María de Betania es un ejemplo notable de un alma que, habiendo probado que el Señor es bueno, encontró la felicidad en sentarse a sus pies y escuchar su Palabra. Si estuviéramos más profundamente imbuidos de la bondad del Señor, conservaríamos siempre la atracción del recién nacido por la Palabra; nos alegraríamos de cada oportunidad de alimentarnos de ella y de reunirnos para leerla. El resultado sería un crecimiento para salvación. Poco a poco seremos liberados de todo lo que obstaculiza nuestro progreso espiritual, hasta que por fin lleguemos a la salvación final en la venida de Cristo, cuando el cuerpo de nuestra humillación se transforme en la conformidad del cuerpo de su gloria.
Desear la comida es la prueba de la vitalidad del recién nacido. Así, la vitalidad espiritual se manifiesta en el deseo del alimento espiritual de la Palabra; no solo el deseo de entender la verdad, sino el deseo de la Palabra como aquello que alimenta el alma presentando a Cristo, y haciéndolo más precioso para ella.

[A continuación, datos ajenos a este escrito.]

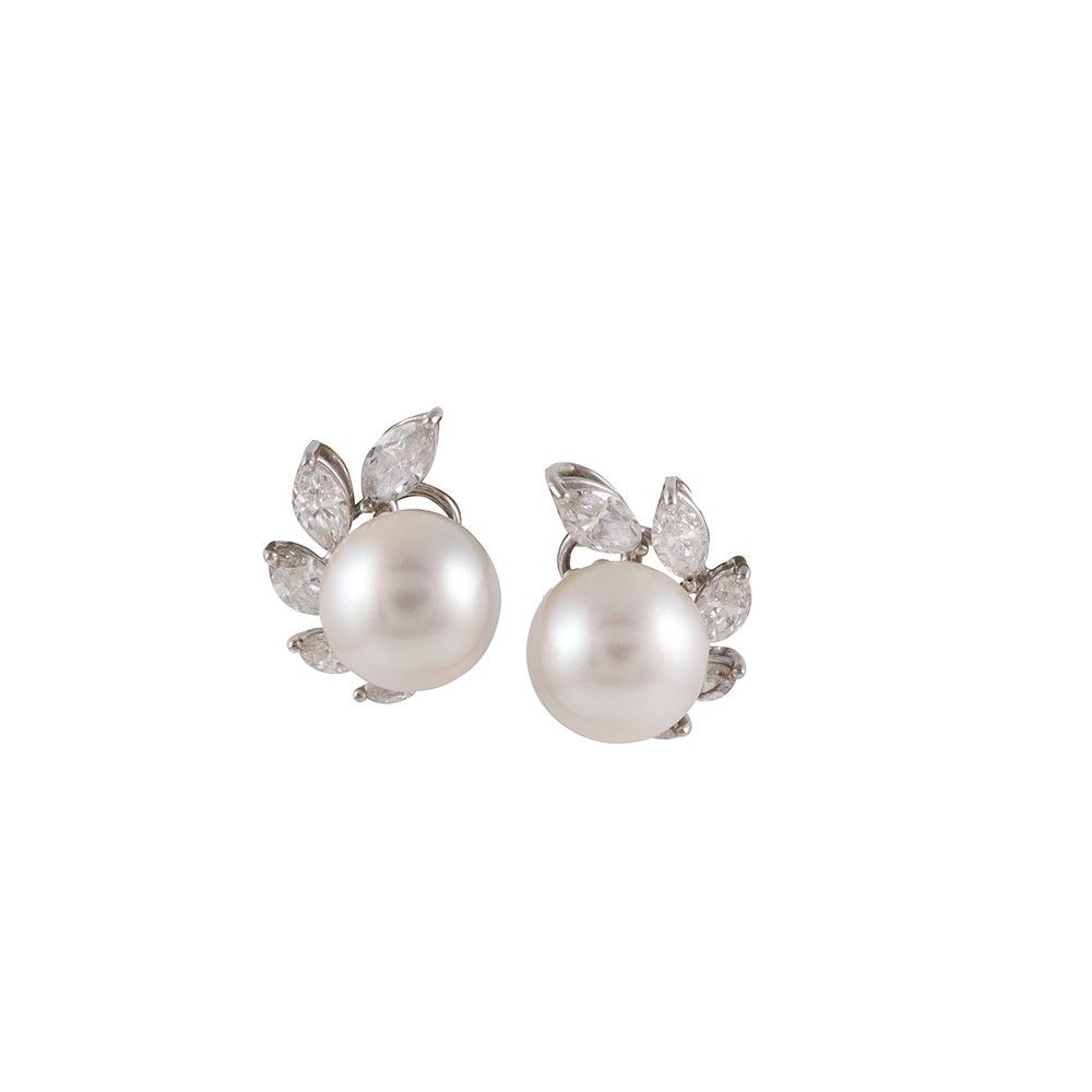 in oro bianco con perle coltivate 9,5 mm, impreziositi da diamanti taglio navette, gr. 6,3.

2.5 - Nuestra vida práctica como piedras vivas
Hasta ahora, el apóstol ha hablado de las bendiciones individuales, y de la conducta que está de acuerdo con estas bendiciones. Ahora va a pasar a las bendiciones colectivas, y al testimonio práctico común que debe surgir de los creyentes como un conjunto.
(V. 4) En este versículo, los creyentes son vistos como «piedras vivas» en relación con Cristo, la «Piedra viva»; como tales, constituyen una casa espiritual. Al escribir a los creyentes de entre los judíos, el apóstol se refiere constantemente a los hechos y disposiciones materiales que se relacionan con la nación de Israel. Muestra que lo material prefiguraba lo espiritual; y que si, a causa de la ruina de Israel, lo material había desaparecido, la realidad espiritual de estas cosas permanecía. En el primer capítulo aprendemos que la herencia terrenal de Israel en la tierra se perdió, pero que en el cristianismo los creyentes tienen una herencia preservada en el cielo. En este segundo capítulo se nos dice que, a pesar de la desaparición del templo material de Jerusalén, Dios tiene una casa espiritual de piedras vivas, donde se ofrecen «sacrificios espirituales» por un «sacerdocio santo».
En el pasado, Israel se distinguía de todas las naciones por la presencia de la casa de Dios en medio de ellos. Allí habitaba Dios. Desde esta casa debía subir la alabanza a Dios, y el testimonio propagarse al mundo. Esta vivienda era material: “lugares santos hechos con manos”. Los hombres, lo sabemos, han corrompido el templo, convirtiendo la casa de oración en un lugar de comercio y una cueva de ladrones. La casa que Jesús llamó la casa de su Padre se convirtió en la casa del Israel caído y, como tal, Dios la abandonó, dejándola desierta, para que fuera derribada por las naciones y no quedara piedra sobre piedra (Mat. 23:38; 24:2).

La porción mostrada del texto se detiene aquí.